Two representative examples of spirooxindoles NITD609 and MI-888
The one-pot condensation reaction of isatin, activated methylene reagents, and 1,3-dicarbonyl compounds could readily afford various spirooxindole structures and has attracted wide attention, and this type of reaction has been achieved by a number of different catalysts and conditions, such as SnCl4 [8], triethanolamine [9], basic alumina under microwave irradiation [10], surfactant TEBA (triethylbenzylammonium chloride) [11], electrocatalytic multi-component assembling [12], β-cyclodextrin [13], NaCl under sonication [14], ZnS nanoparticles [15], piperidine under ultrasound irradiation [16], CaCl2 under ultrasonic irradiation [17], 1,8-diazabicyclo[5.4.0]undec-7-ene (DBU) [18], ethylenediammonium diformate (EDDF) [19], SBA-Pr-NH2 [20], sulfated choline based heteropolyanion [21], and L-prolin [22].
Immobilization of acidic ionic liquids on solid supports has been designed and it can offer important advantages in handling, separation and reuse procedures. Based on economic criteria, it is desirable to minimize the amount of ionic liquid utilized in a potential process.
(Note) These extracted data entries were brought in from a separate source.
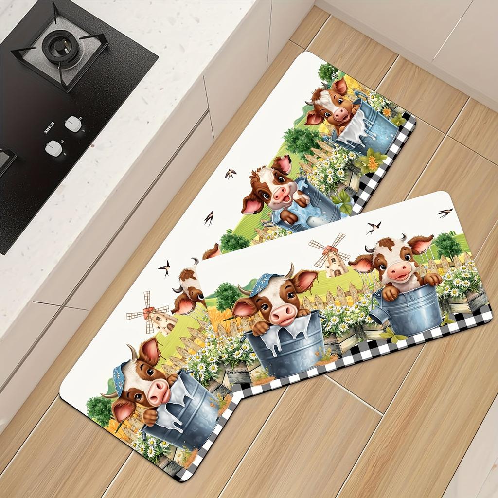 1 Stück Küchenmatte mit Aquarell-Farm, süße Kuh und Sonnenblume, bedruckt, weich, verdickt, wasserdicht, rutschfest, ölbeständig, Bodenmatte, Läufer, Teppich
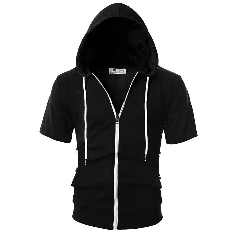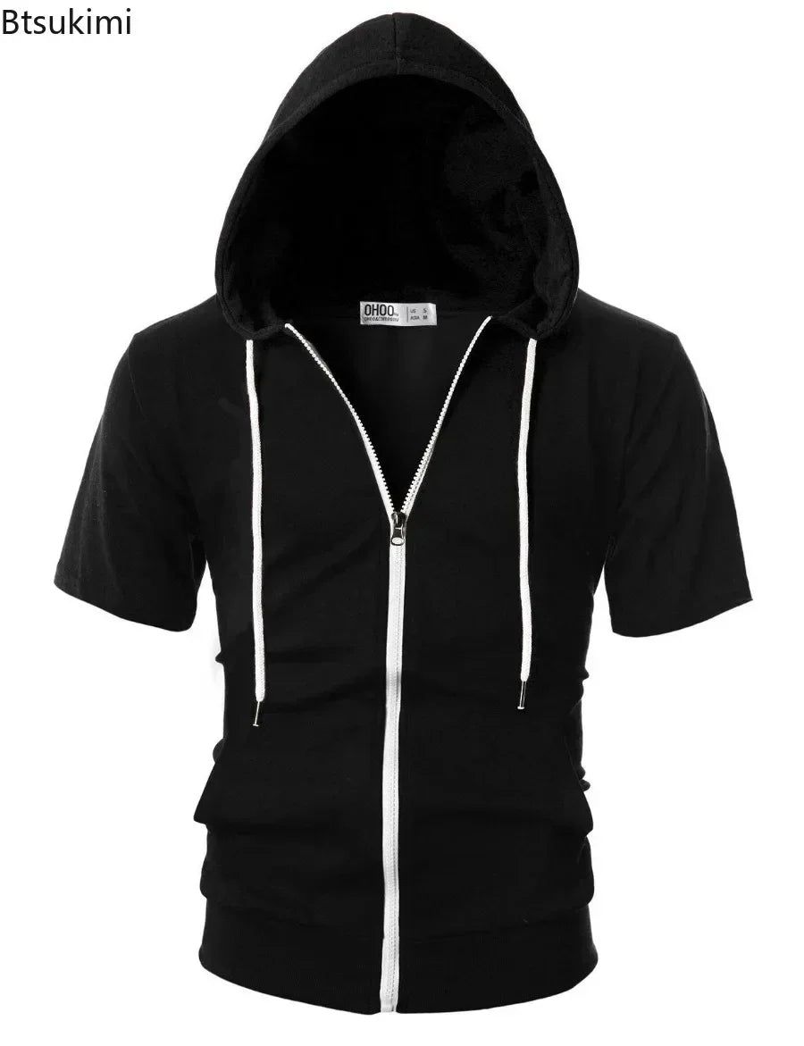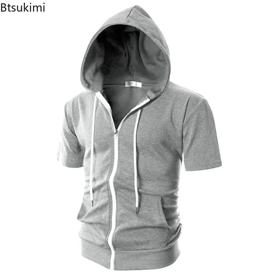Upgrade your activewear with this men’s 2025 casual short-sleeve zip hoodie, designed for comfort and style. Its slim fit and solid color make it perfect for outdoor sports and everyday wear. This lightweight sweatshirt jacket combines breathable fabric with modern functionality for versatile menswear.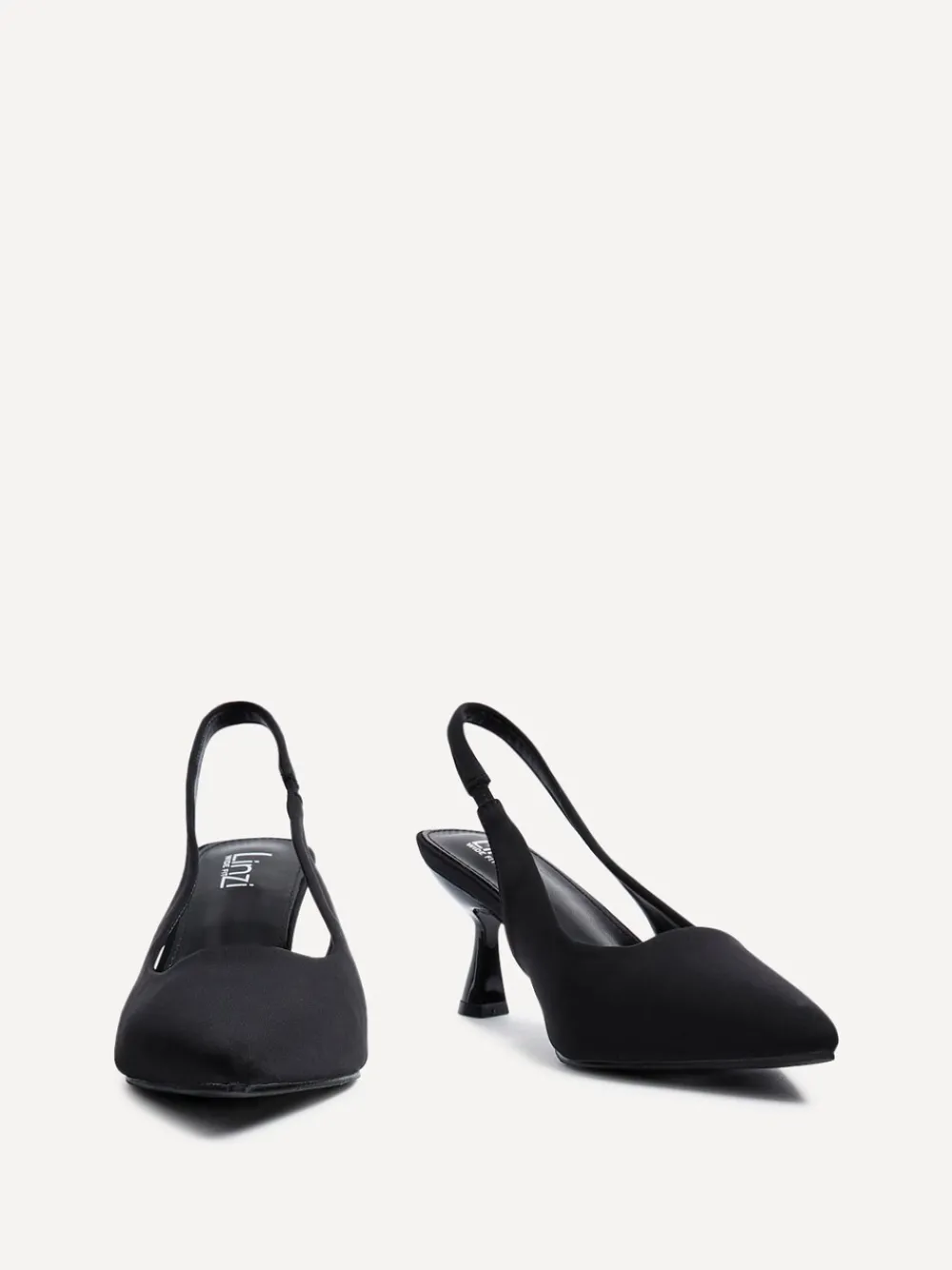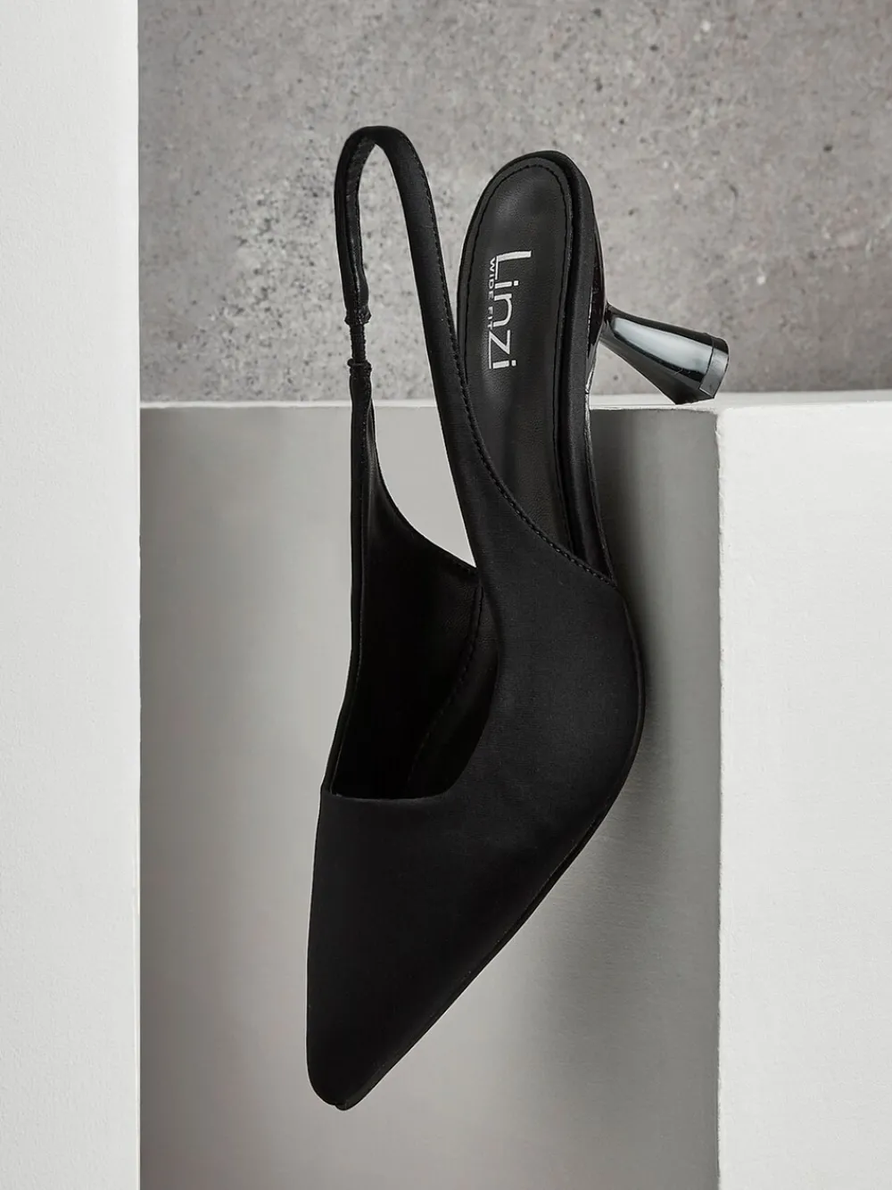 Verfijn uw look met onze zwarte Izzie stiletto pumps. De strakke afwerking en het slingback-design voegen een vleugje elegantie toe aan elke outfit. Loop vol vertrouwen op onze luxe hakken. Dankzij onze Linzi collectie met wide fit kunt u uw stijl met vertrouwen tonen, zonder dat dit ten koste gaat van het comfort. Houd er rekening mee dat het luipaardPrint patroon per paar kan verschillen. Hakhoogte 6,5 cm. Bovenwerk – textiel. Voering en voetbed – overige materialen, zool – Andere materialen.

Immobilized acidic ionic liquids have been used as novel solid catalysts, e.g., for esterification, nitration reactions [23], acetal formation [24], Baeyer–Villiger reaction [25], synthesis of α-aminonitriles [26] bis-pyrazolones [27], chromenes [28], 4,4-(arylmethylene)-bis-(3-methyl-1-phenyl-1H-pyrazol-5-ols) [29], 12-aryl-8,9,10,12-tetrahydrobenzo[a]-xanthen-11-ones [30], and 1-(benzothiazolylamino)-phenylmethyl-2-naphthols [31].
In this regard, we introduced a series of silica-bonded ionic liquids such as: silica propyl imidazolium chloride ([Sipim]Cl), silica propyl imidazolium triflate ([Sipim]OTf), N-(3-silicapropyl) imidazolium hydrogen sulfate ([Sipim]HSO4), and N-(3-silicapropyl) imidazolium hydrogen phosphate ([Sipim]H2PO4) as recyclable catalysts and investigated their catalytic activities in organic transformations [26–28] (Scheme 1).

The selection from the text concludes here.